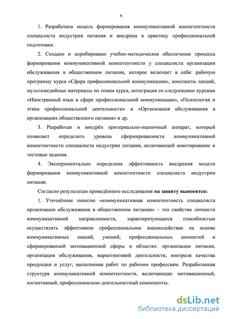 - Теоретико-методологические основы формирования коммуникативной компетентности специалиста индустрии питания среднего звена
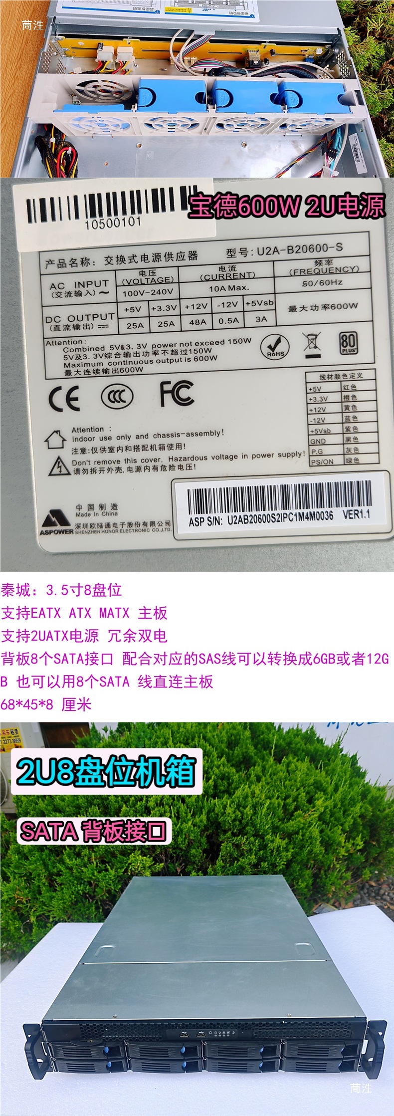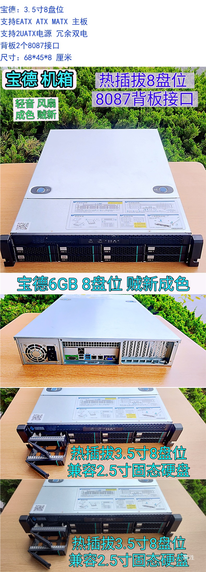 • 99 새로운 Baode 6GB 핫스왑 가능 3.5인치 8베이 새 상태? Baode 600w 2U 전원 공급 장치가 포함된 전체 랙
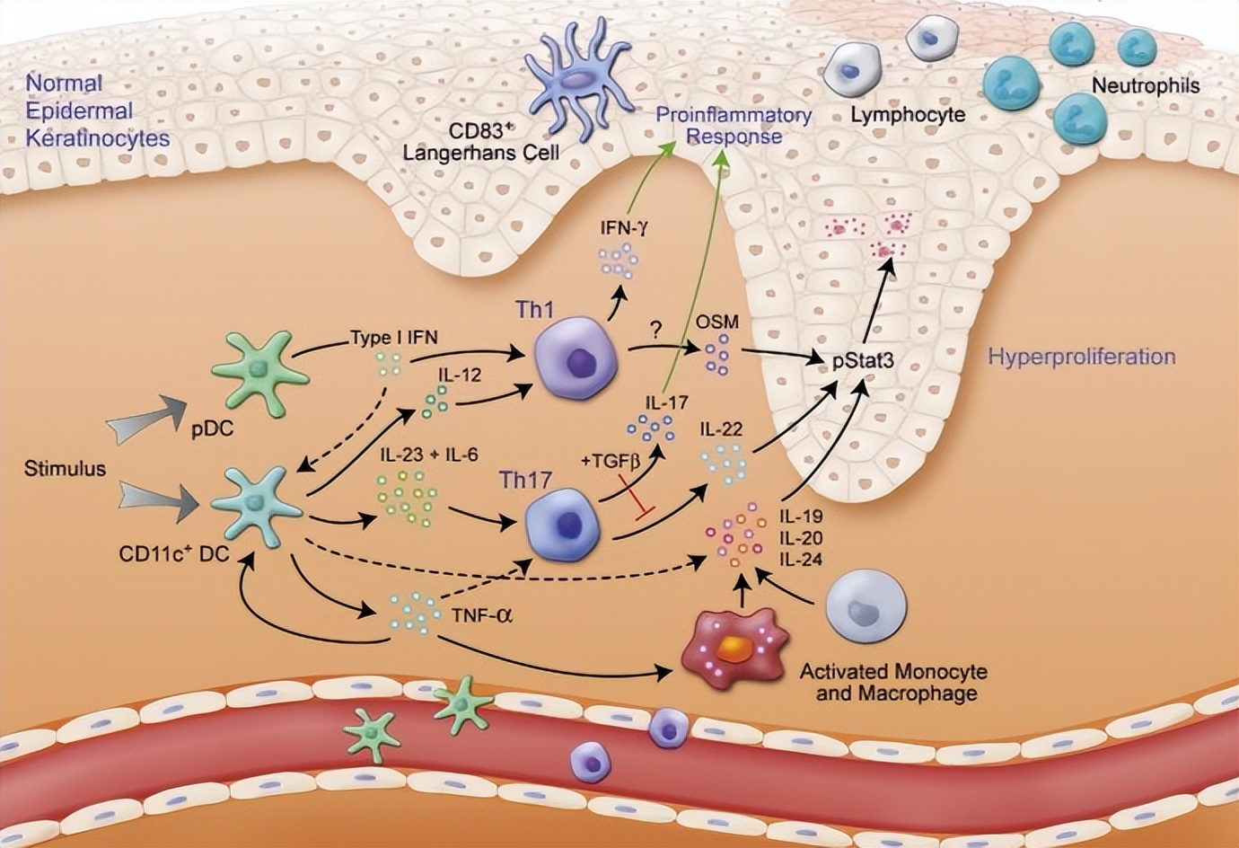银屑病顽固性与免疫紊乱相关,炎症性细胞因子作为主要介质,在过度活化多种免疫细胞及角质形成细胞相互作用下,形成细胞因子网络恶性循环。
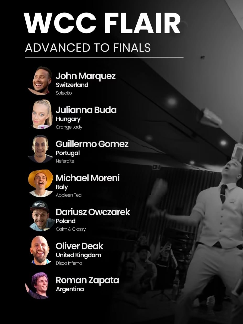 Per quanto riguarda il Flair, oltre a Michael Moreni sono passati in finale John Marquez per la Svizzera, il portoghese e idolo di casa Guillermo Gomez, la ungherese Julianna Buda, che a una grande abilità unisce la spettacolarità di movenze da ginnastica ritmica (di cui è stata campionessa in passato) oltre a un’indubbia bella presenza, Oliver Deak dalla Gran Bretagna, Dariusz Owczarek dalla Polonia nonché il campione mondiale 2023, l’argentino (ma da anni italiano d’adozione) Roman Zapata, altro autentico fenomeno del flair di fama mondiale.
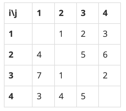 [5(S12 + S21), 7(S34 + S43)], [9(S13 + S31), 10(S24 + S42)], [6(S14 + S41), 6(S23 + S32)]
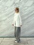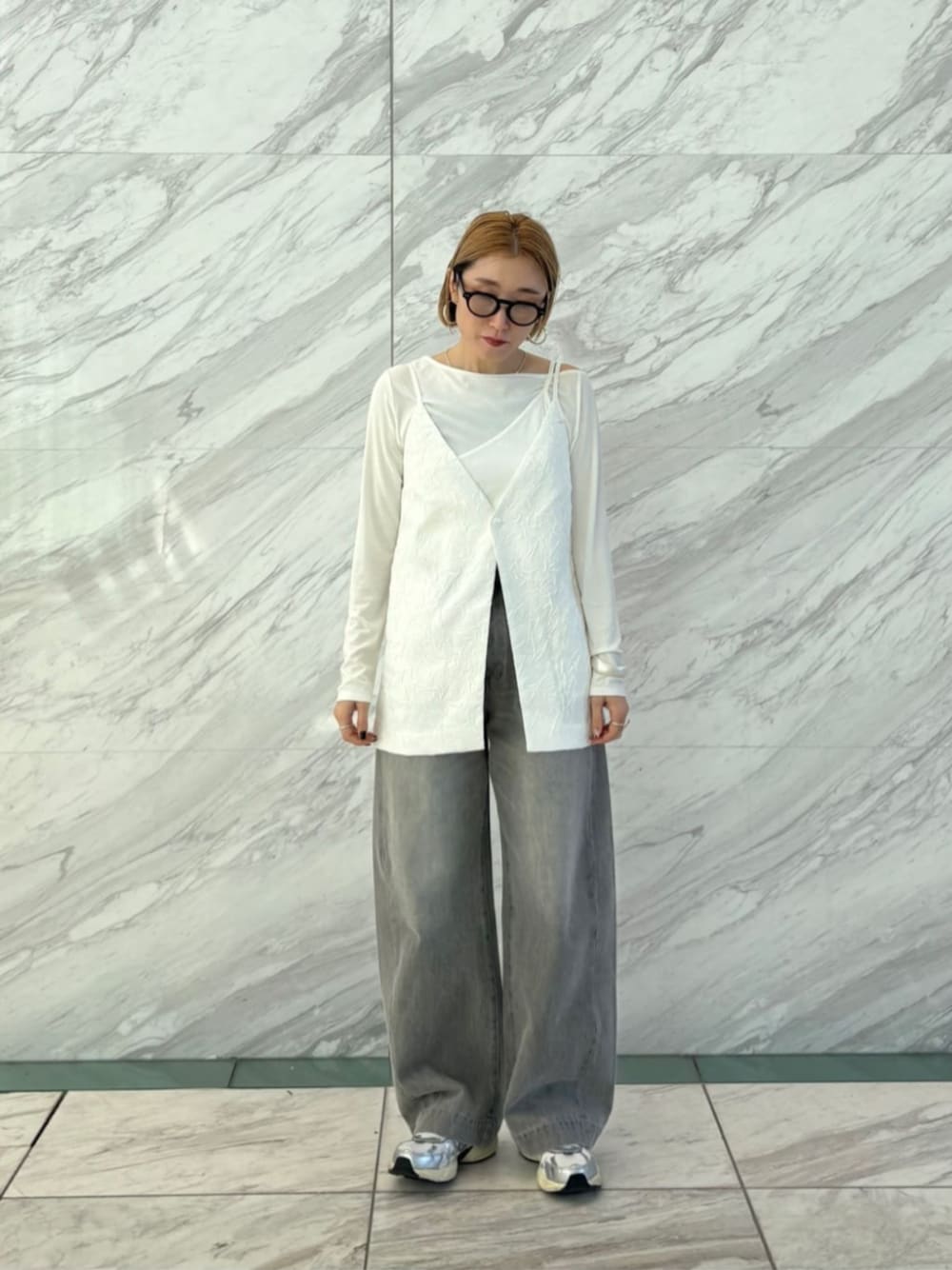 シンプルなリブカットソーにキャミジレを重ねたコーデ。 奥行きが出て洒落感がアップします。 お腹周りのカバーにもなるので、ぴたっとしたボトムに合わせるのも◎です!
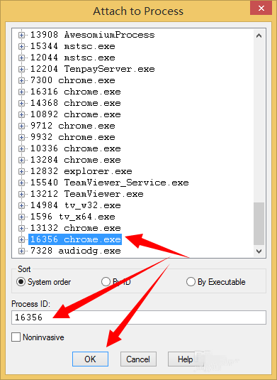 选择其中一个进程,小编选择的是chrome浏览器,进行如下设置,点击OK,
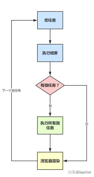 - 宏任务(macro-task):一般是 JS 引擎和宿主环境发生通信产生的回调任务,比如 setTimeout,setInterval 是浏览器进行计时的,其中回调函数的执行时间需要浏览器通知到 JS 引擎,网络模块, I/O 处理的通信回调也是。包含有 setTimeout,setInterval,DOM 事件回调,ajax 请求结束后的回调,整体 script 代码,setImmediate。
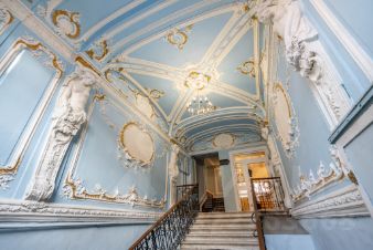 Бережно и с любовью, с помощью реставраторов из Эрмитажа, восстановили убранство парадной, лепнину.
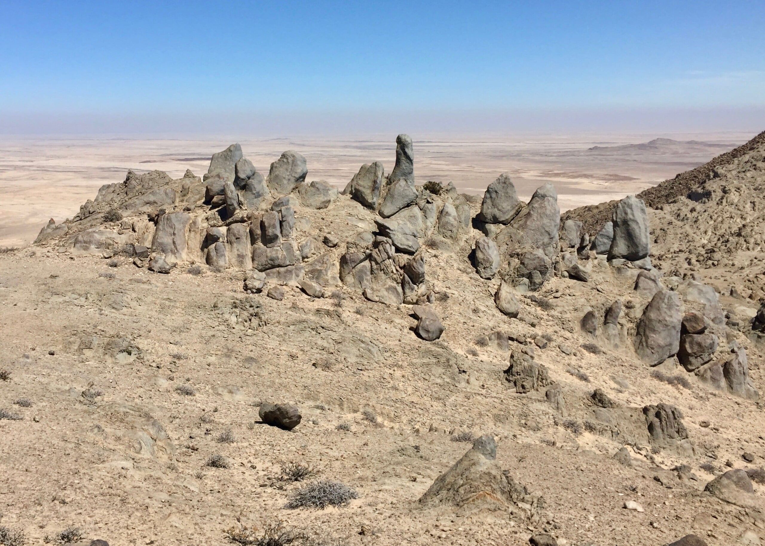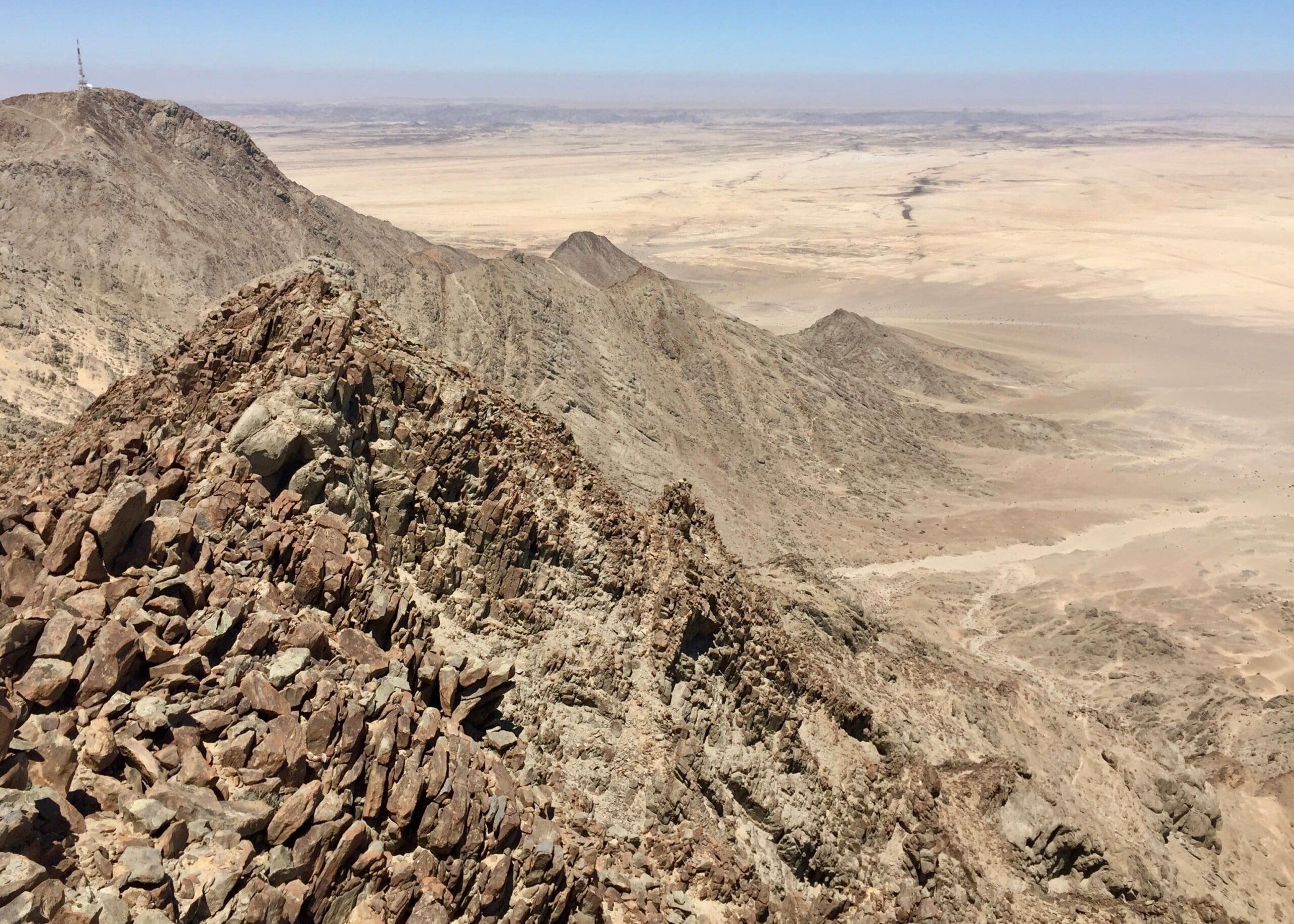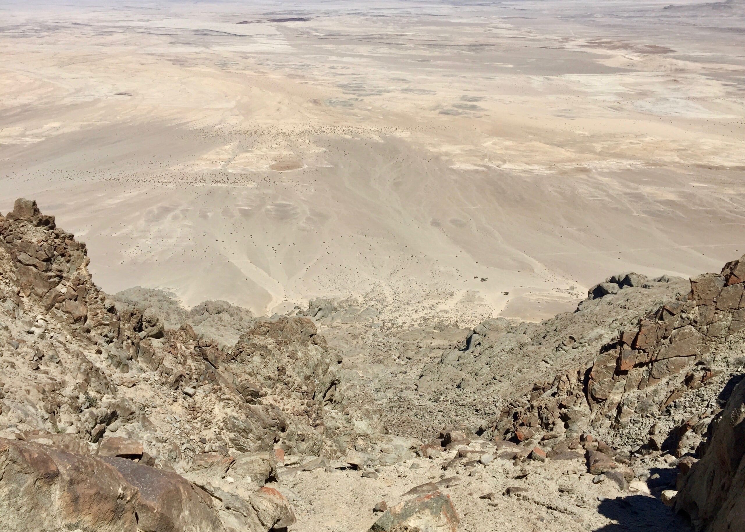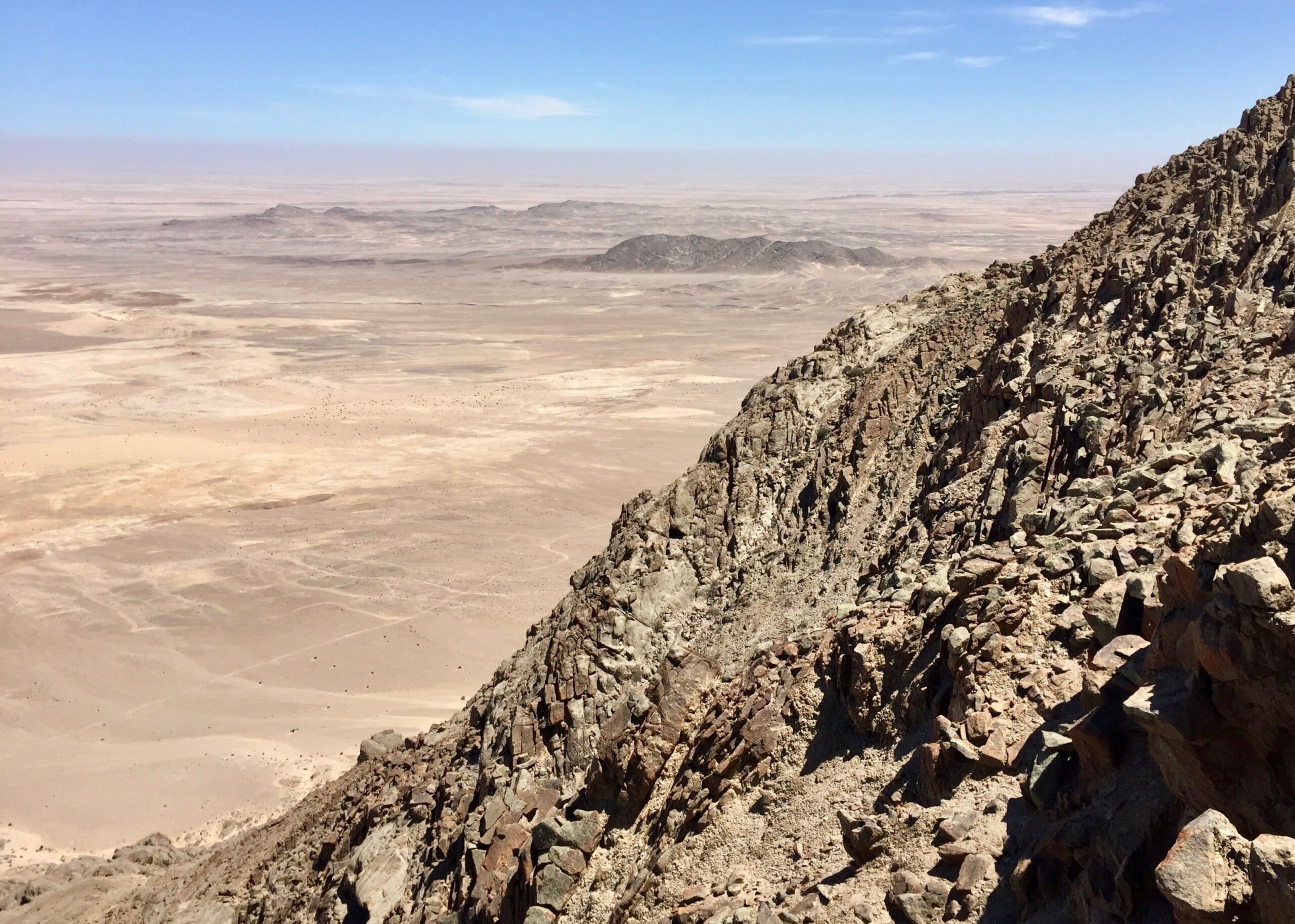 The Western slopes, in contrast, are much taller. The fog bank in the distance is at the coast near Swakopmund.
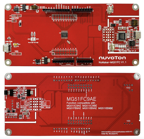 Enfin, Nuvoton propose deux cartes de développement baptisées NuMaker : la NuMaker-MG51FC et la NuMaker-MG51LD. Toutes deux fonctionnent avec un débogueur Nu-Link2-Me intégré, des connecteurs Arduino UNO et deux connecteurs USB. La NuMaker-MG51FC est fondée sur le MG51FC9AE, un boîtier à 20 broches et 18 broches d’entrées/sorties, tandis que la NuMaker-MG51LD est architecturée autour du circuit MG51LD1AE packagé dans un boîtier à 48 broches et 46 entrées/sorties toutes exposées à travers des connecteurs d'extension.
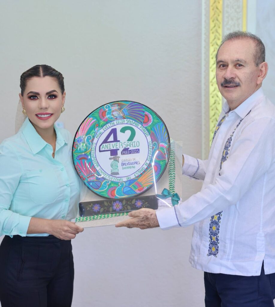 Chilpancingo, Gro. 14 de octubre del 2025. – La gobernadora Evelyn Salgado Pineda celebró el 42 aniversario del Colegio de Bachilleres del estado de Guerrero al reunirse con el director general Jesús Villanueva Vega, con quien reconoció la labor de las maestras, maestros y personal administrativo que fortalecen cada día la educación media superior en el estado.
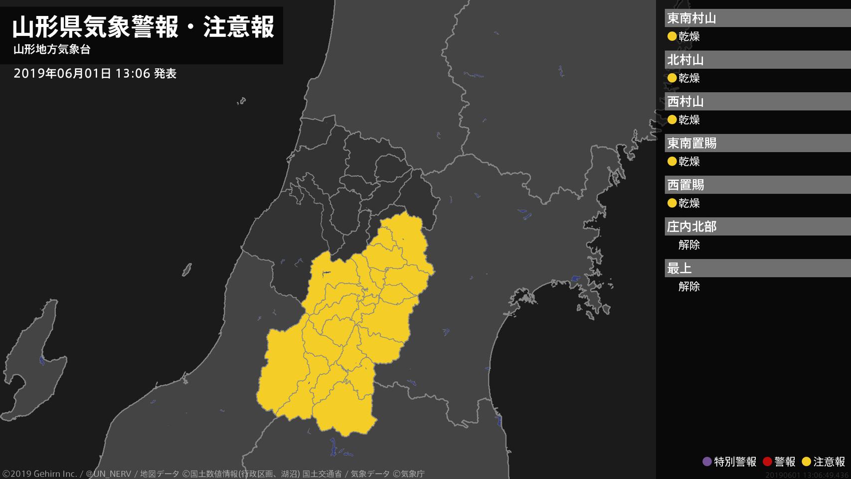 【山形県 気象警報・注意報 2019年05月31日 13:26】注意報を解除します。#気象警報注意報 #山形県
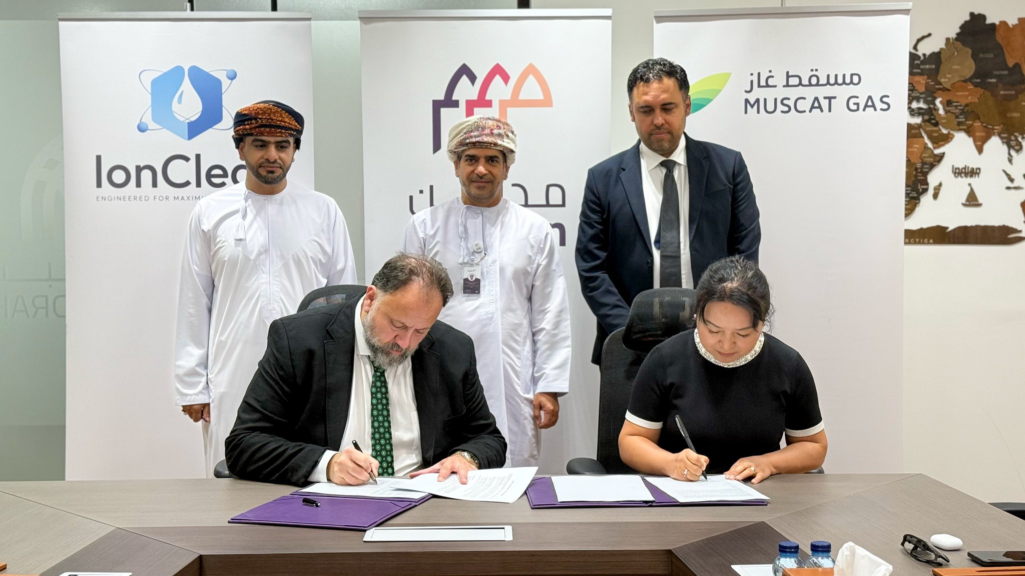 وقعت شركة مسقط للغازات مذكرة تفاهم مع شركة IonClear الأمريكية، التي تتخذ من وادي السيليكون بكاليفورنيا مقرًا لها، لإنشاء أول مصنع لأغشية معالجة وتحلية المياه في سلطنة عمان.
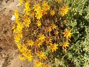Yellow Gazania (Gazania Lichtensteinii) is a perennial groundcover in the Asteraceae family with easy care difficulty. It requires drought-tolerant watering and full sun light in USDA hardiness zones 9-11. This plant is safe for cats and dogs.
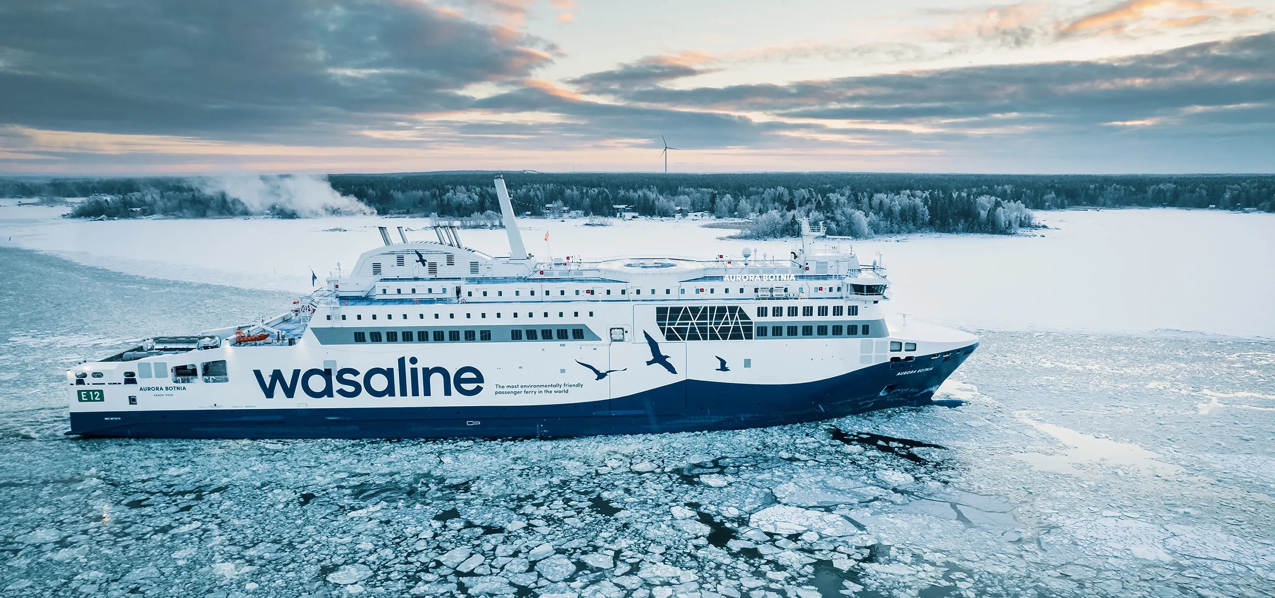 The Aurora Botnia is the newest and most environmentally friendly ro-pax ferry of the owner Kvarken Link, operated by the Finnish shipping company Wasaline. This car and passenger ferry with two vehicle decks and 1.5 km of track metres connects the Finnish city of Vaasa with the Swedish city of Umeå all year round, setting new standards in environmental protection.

————

**Task statement**
Print, with pictures removed, exactly the lines of the records above from the top through the line containing "Per quanto riguarda".

**Response**
 - Теоретико-методологические основы формирования коммуникативной компетентности специалиста индустрии питания среднего звена
 • 99 새로운 Baode 6GB 핫스왑 가능 3.5인치 8베이 새 상태? Baode 600w 2U 전원 공급 장치가 포함된 전체 랙
银屑病顽固性与免疫紊乱相关,炎症性细胞因子作为主要介质,在过度活化多种免疫细胞及角质形成细胞相互作用下,形成细胞因子网络恶性循环。
 Per quanto riguarda il Flair, oltre a Michael Moreni sono passati in finale John Marquez per la Svizzera, il portoghese e idolo di casa Guillermo Gomez, la ungherese Julianna Buda, che a una grande abilità unisce la spettacolarità di movenze da ginnastica ritmica (di cui è stata campionessa in passato) oltre a un’indubbia bella presenza, Oliver Deak dalla Gran Bretagna, Dariusz Owczarek dalla Polonia nonché il campione mondiale 2023, l’argentino (ma da anni italiano d’adozione) Roman Zapata, altro autentico fenomeno del flair di fama mondiale.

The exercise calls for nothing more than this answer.